IV. 4 – A VOZ DA AMÉRICA INVADE AS ONDAS NACIONAIS

Para evitar a aproximação de países da América Latina de linhas contrárias ao regime americano e promover uma integração no continente, os Estados Unidos implantaram como parte da política da boa vizinhança ações culturais buscando uma identidade americana, já que os países sul-americanos sofriam uma intensa influência de algumas nações européias.

4 No caso do Brasil, o programa foi implantado em plena era “varguista”, que sofria influência e inspiração, em alguns setores, do fascismo e do nazismo.

Como forma de fomentar essa política, o presidente norte-americano Franklin Roosevelt criou Office of the Coordinator of Interamerican Affairs, que teve o nome pomposo simplificado, ficando conhecido como Bureau Interamericano.
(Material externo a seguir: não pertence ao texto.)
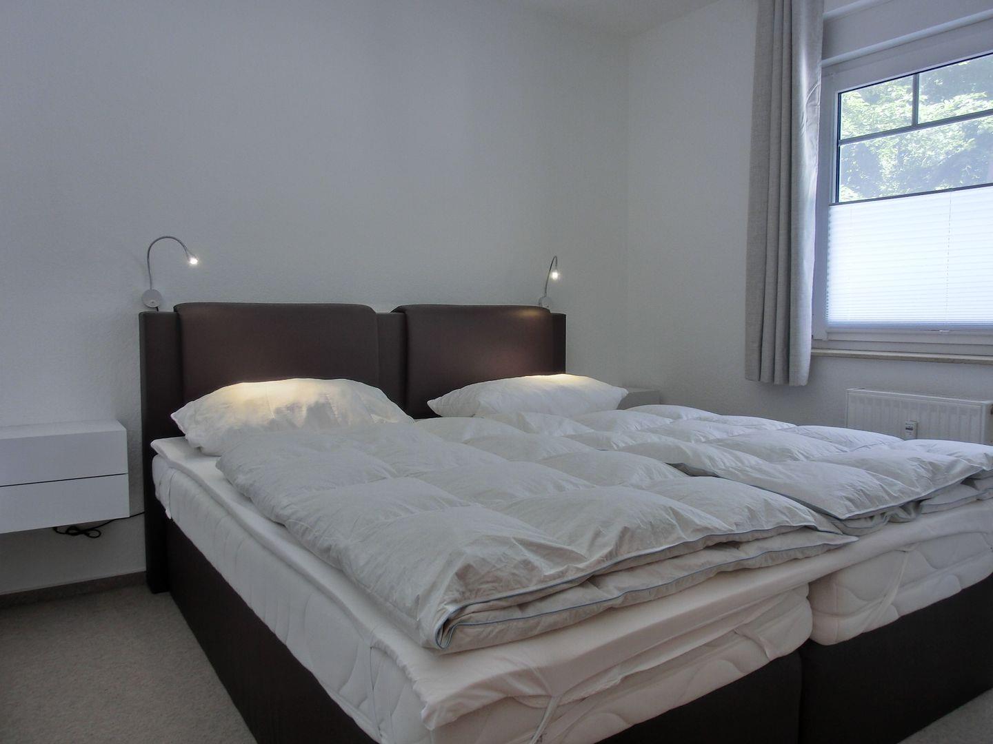 • Schlafzimmer mit Doppelbett (180 cm × 200 cm, geteilte Matratze)
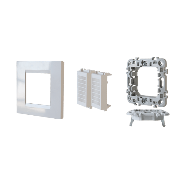 El sensor de temperatura puede ser instalado detrás de esta carcasa SET 2M. Es adecuado para el montaje en cajas de Ø60 con garras. El juego consiste de: placa de cubierta 1 x 1, 2 x 1 M perforada tapa en blanco y montaje 1 x 2M marco con garras. 2M carcasa SET está hecho de material de PC / ABS y tiene unas dimensiones 2M. conjunto de carcasa 2 M está disponible en color blanco polar.

À frente dessa missão, estava um dos maiores capitalistas norte-americanos, Nelson Rockfeller. No Brasil, a ação norte-americana tinha o rádio como um dos pontos de atuação, devido à importância que o veículo tinha conquistado, assim como a imprensa e o cinema.

Da mesma forma que o nazismo e o fascismo tinham escolhido o rádio como uma importante arma de guerra, o capitalismo americano também despertou para a importância do acompanhamento desse veículo na América Latina como parte da política de inte gração interamericana. Desta forma, dentro do leque de atuação do Bureau, o rádio foi escolhido como um dos principais meios para conquistar os brasileiros.

O diretor de Rádio do DIP, Júlio Barata, foi, em 1940, para os Estados Unidos como parte do programa de intercâmbio entre os dois, como destacou o crítico de rádio Martins Castelo (1941d), em artigo na revista estatal Cultura política: “Em maio de 1940, foi a vez de Júlio Barata ir aos EUA... O Presidente da National Broadcasting Company, encarregado das relações internacionais da modelar cadeia de Rádio, John Royal, veio em seguida ao Brasil.”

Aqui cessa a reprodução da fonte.